A top broker has warned that diversifying for the wrong reasons can leave brokers as mistrusted as dodgy cars salesmen.
Mario Borg, director of Master Brokers Group, said despite the diversification hype, brokers need to approach the issue with caution.
“The whole thing about diversification is bandied around a fair bit - that it’s the best way to increase your revenue. It’s all about revenue, revenue, revenue,” said Borg.
“But at the end of the day, if you specialise at what you’re good at, I find that clients do respect that and do value the fact that you’re not trying to be all things to all people.”
Diversification can work and can bring in more profits, said Borg, but only if it is done in a way where the clients’ needs are top priority.
If brokers allow themselves to be distracted by revenue possibilities, they run the risk of losing client trust, he said.

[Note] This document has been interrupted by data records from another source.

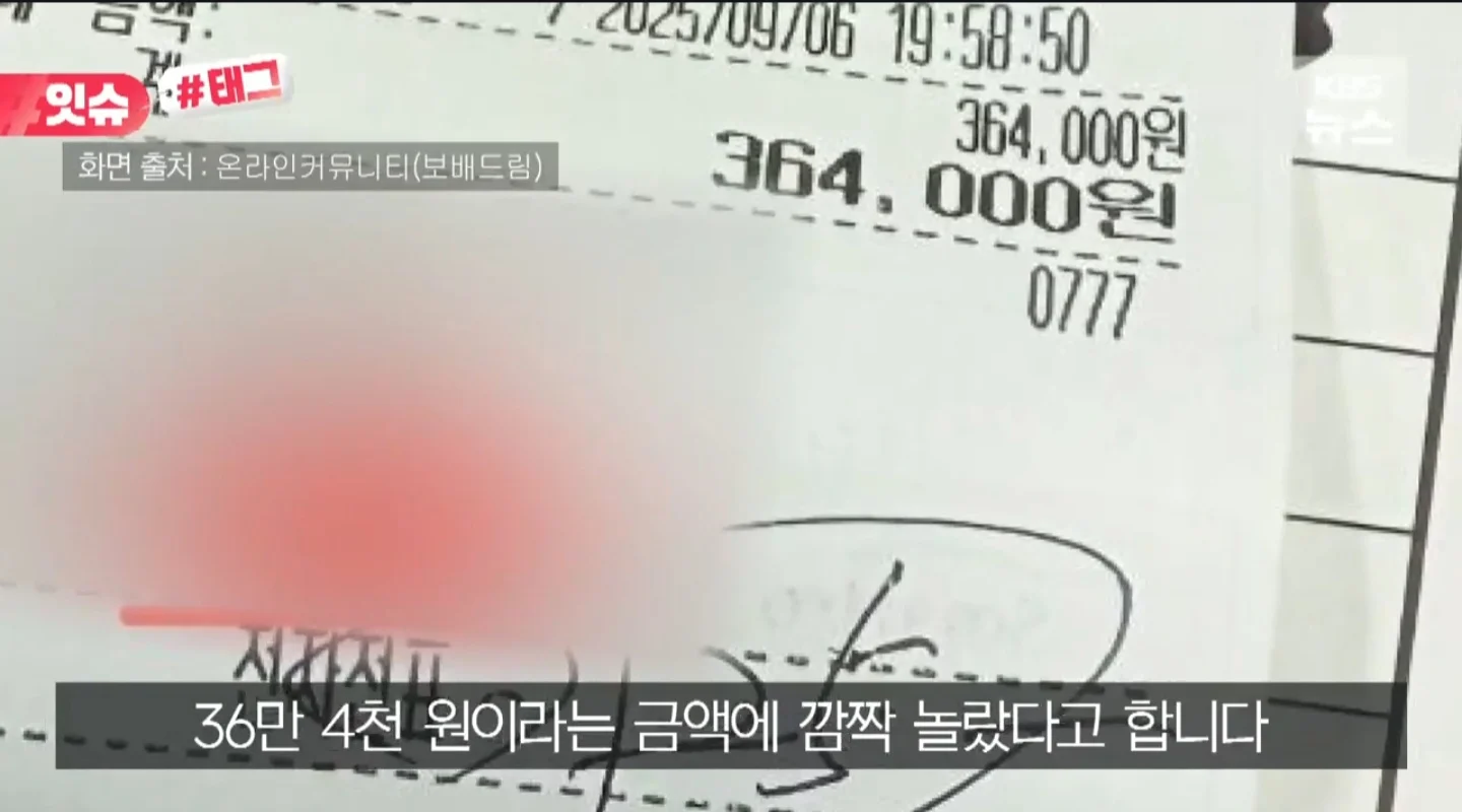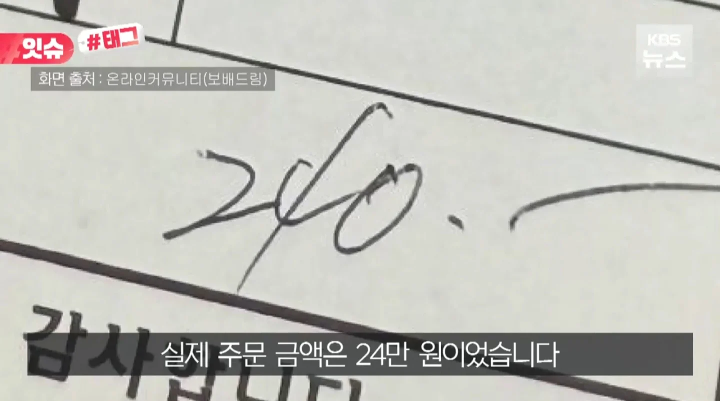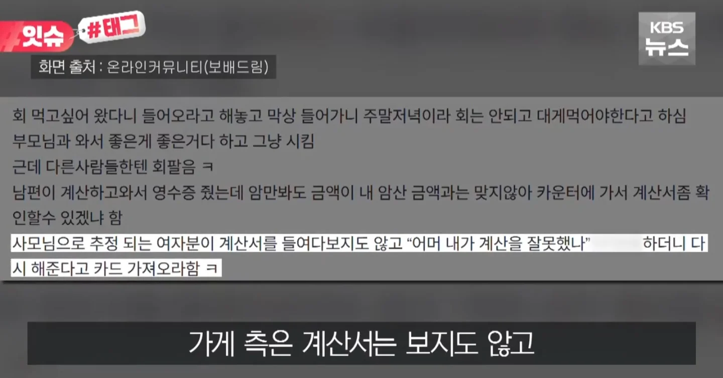 논란중인 속초 대게집 영수증 바꿔치기
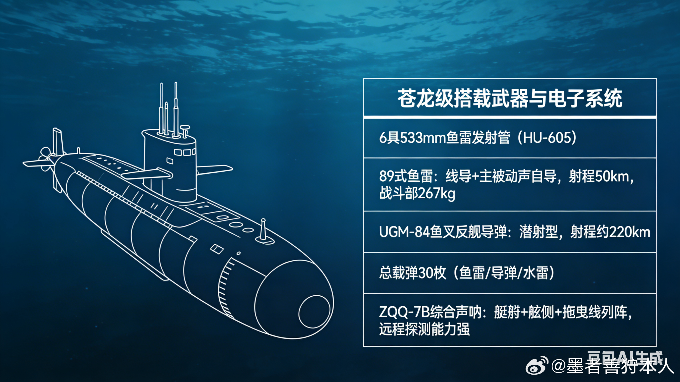 在武器方面,苍龙级搭载6具533mm鱼雷发射管,搭载89式鱼雷(射程50km)、潜射鱼叉导弹(射程220km),总载弹30枚;ZQQ-7B综合声呐,远程探测能力突出。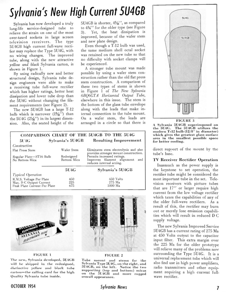 Interestingly though, Sylvania apparently invented the 5U4GB tube back in 1954. This one has black plates and a halo getter.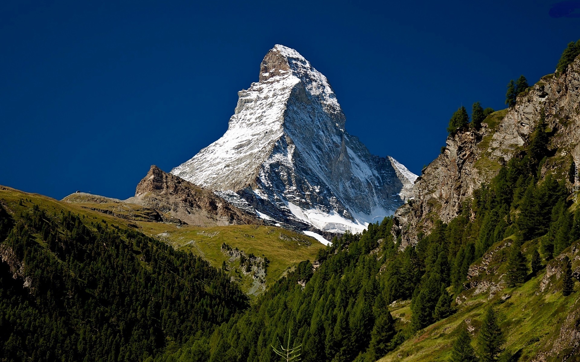 Edytor tapety: Góry, Alpy, Szczyt, Matternhorn, Lasy, Łąki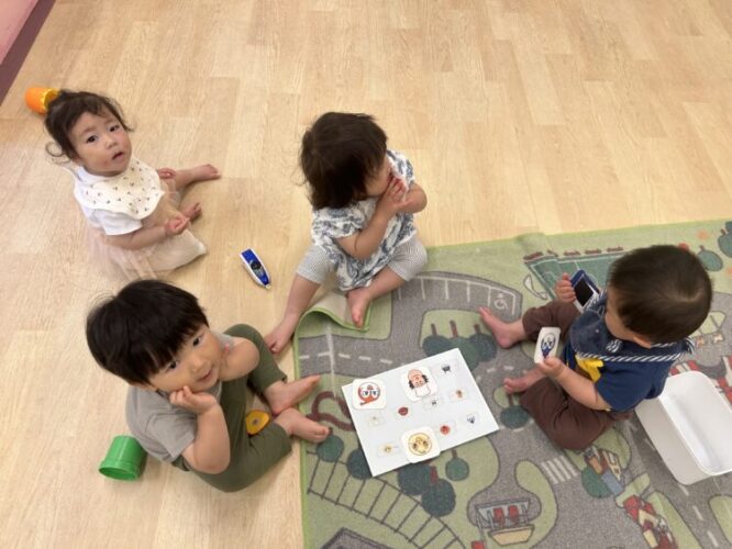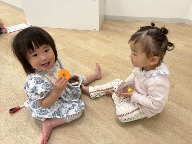 0歳のお友だちと1歳のお友だちが一緒に仲良く遊んでいましたよ

“If you’re coming at it from a selling angle, if your priorities are around how many dollars you can squeeze out in terms wallet-share for each client, you might get away with it for a while, but most people aren’t silly. They can see if someone is being genuine versus somebody that’s all about trying to make a dollar.”
NCCP requirements have made it easier for brokers to have conversations with clients around risk, insurance, and broader financial requirements, said Borg, but that doesn’t mean brokers should try and sell these things to every client.
“If you’re looking at someone’s statement of financial position and you see a genuine need, you do need to talk to them about this. The next step then is deciding who is the best person to assist with that.”
More often than not, said Borg, that means a referral. Trying to offer a range of financial solutions in-house, while great in theory, is “virtually impossible” in practice, he said.
“If you’ve got para planners and administration support it makes it easier, but to try and do it all yourself? I don’t see how you can do it well. Paperwork in mortgage broking has increased significantly with NCCP, let alone dealing with everything else.”
“If you went out to buy a car and you walk away having spent two grand more than you need to because someone told you you needed to have tinted windows and a bigger boot or whatever, do you think you’re going to go away and recommend him to your friends?”